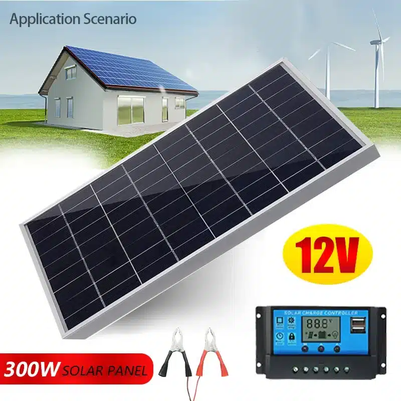 300W 12V Solar Panel Kit Complete Polycrystalline USB Power Portable Outdoor Rechargeable Solar Cell Solar Generator for Home
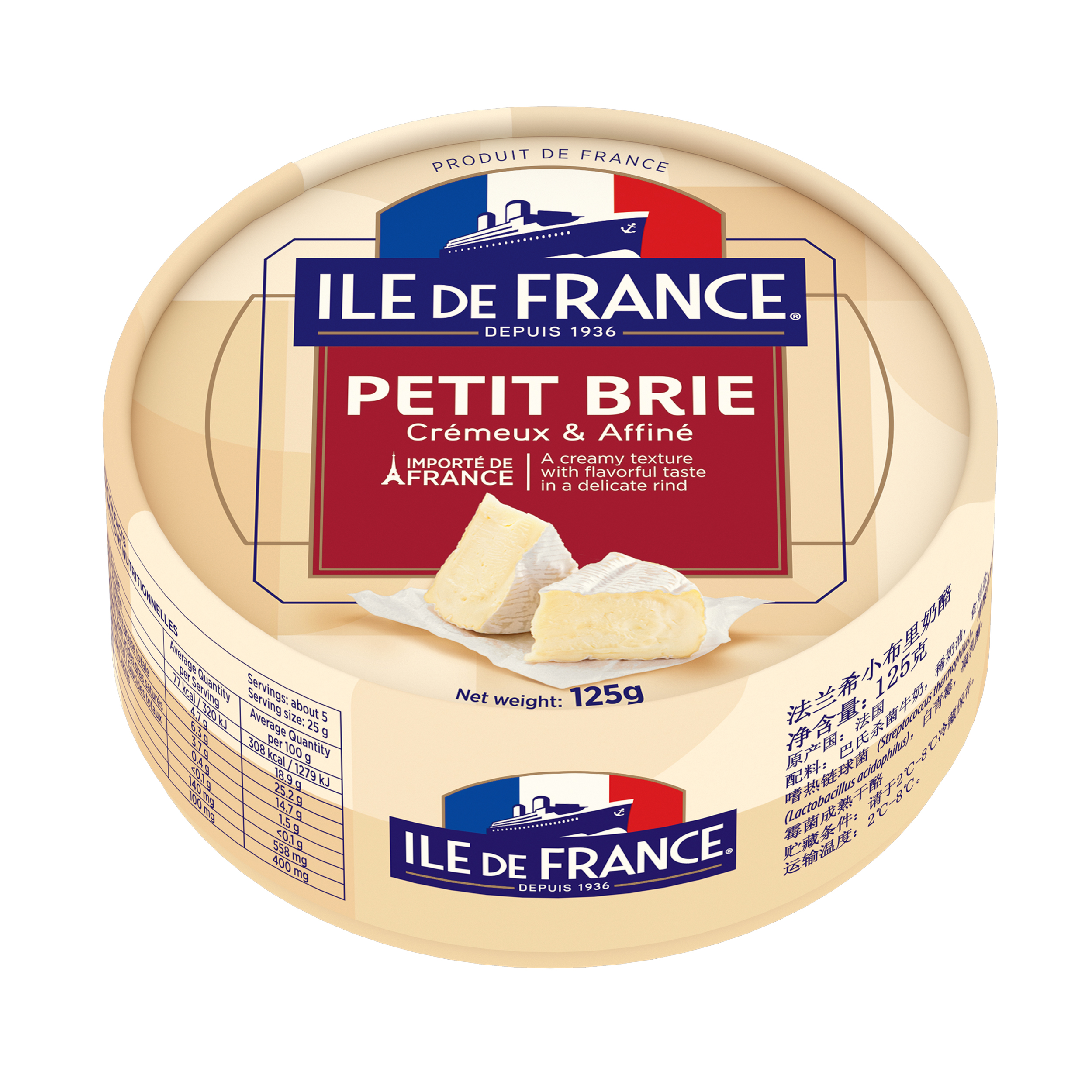 De sabor delicado con notas de avellana, color marfil y corteza aterciopelada, presenta una textura cremosa y corazón firme, gracias a su receta original a base de leche de vaca.
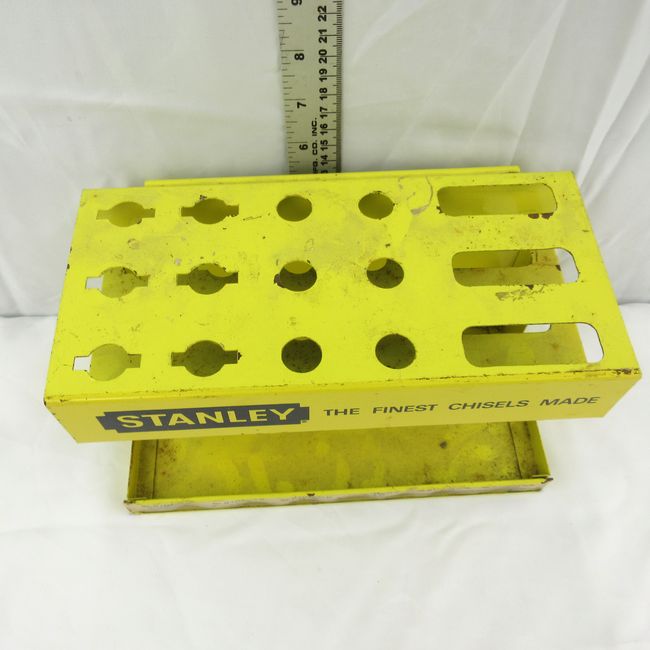 Current Bid: $23.00 [Refresh Price]YOU WILL NEED TO REFRESH THIS PAGE TO SEE UPDATED BID (Log in and this will update automatically) You must LOG IN or REGISTER to see this full page auction listing and bid. Auction is Over Winning Bid Amount: $23.00 **Lot Details: (LOT: D101) - Stanley chisel holder. Nice vintage display piece for your chisels or the workshop.These are getting increasingly difficult to come by. Log in to add this lot to your watch list or place a bid |
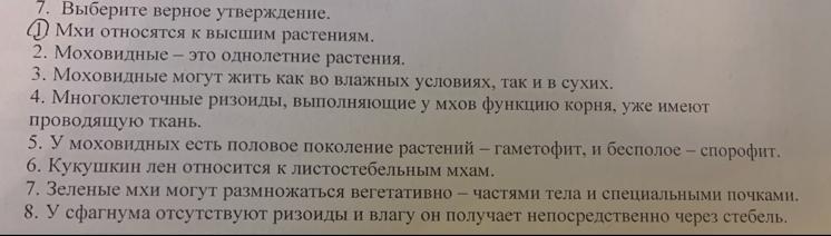 5 верно, у моховидных есть половое поколение растений – гаметофит, и бесполое – спорофит
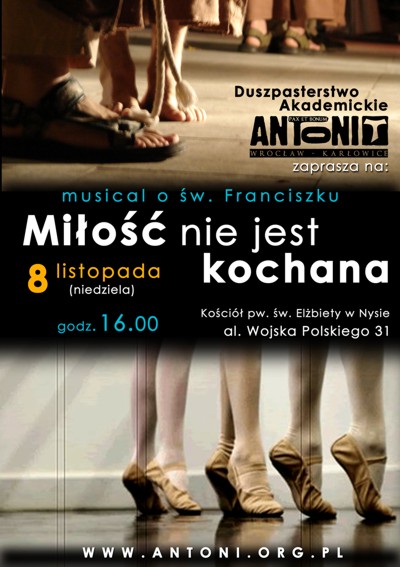 Duszpasterstwo Akademickie serdecznie zaprasza do obejrzenia musicalu o św. Franciszku, pt. "Miłość nie jest kochana".To niezwykłe wydarzenie będzie miało miejsce 8 listopada 2009, o godz 16.00 w kościele pw. św. Elżbiety w Nysie, al. Wojska Polskiego 31.

Task
Reproduce only the lines from the first line of the listing above up to and including the line that holds "5 верно, у моховидных". Omit the pictures.

Task solution
 300W 12V Solar Panel Kit Complete Polycrystalline USB Power Portable Outdoor Rechargeable Solar Cell Solar Generator for Home
 De sabor delicado con notas de avellana, color marfil y corteza aterciopelada, presenta una textura cremosa y corazón firme, gracias a su receta original a base de leche de vaca.
 Current Bid: $23.00 [Refresh Price]YOU WILL NEED TO REFRESH THIS PAGE TO SEE UPDATED BID (Log in and this will update automatically) You must LOG IN or REGISTER to see this full page auction listing and bid. Auction is Over Winning Bid Amount: $23.00 **Lot Details: (LOT: D101) - Stanley chisel holder. Nice vintage display piece for your chisels or the workshop.These are getting increasingly difficult to come by. Log in to add this lot to your watch list or place a bid |
 5 верно, у моховидных есть половое поколение растений – гаметофит, и бесполое – спорофит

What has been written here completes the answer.